TREASURY President Bush picked Henry Paulson, chairman of Goldman Sachs, to replace John Snow as secretary of the Treasury. At $38 million Wall Street's highest-paid executive last year, according to Bloomberg News, the 60-year-old investment banker is the president's third treasury secretary but the first from the financial services sector. If global markets showed their support for the choice, so, too, remarkably, did Sen. Charles Schumer (D-N.Y.), usually a high hurdle in Senate confirmation tests.
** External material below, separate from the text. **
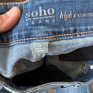 High-waisted, stretchy, and flattering for curves. These jeans are pretty worn but still in good condition—perfect for casual, everyday wear!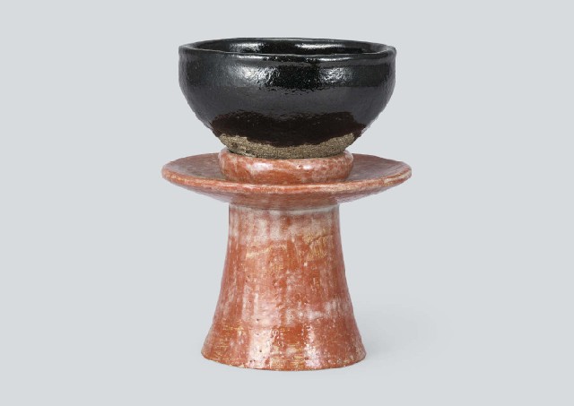 - Black tenmoku tea bowl with tenmoku stand

HURRICANES With the official start of a new hurricane season June 1, a mammoth report by the U.S. Army Corps of Engineers is expected to shed light on what happened when Hurricane Katrina breached levees and flood walls in New Orleans. The 6,000-page report gives details about design and engineering failures leading to citywide flooding that killed over 1,500 people.

But local officials in towns along the Gulf Coast aren't waiting for a federal mandate to prepare for coming storms. Mayor Guy Goodson of Beaumont, Texas, where Hurricane Rita struck last fall, says he is advising local officials not to count on the state or federal government to be there directly after a disaster. "Communities need to save money and have a rainy-day fund," Mr. Goodson said.

POLITICS Sen. Hillary Clinton (D-N.Y.) formally opened her Senate reelection campaign May 31 after winning unanimous backing from the party for another term. But the former first lady and leading contender for the 2008 Democratic presidential nomination quickly went national with a call to "take our country back" from the current Republican leadership. With her husband by her side at the Democratic state convention in Buffalo, Mrs. Clinton told delegates, "I believe that we need a fundamentally new direction. . . . We are better than what is happening in America today."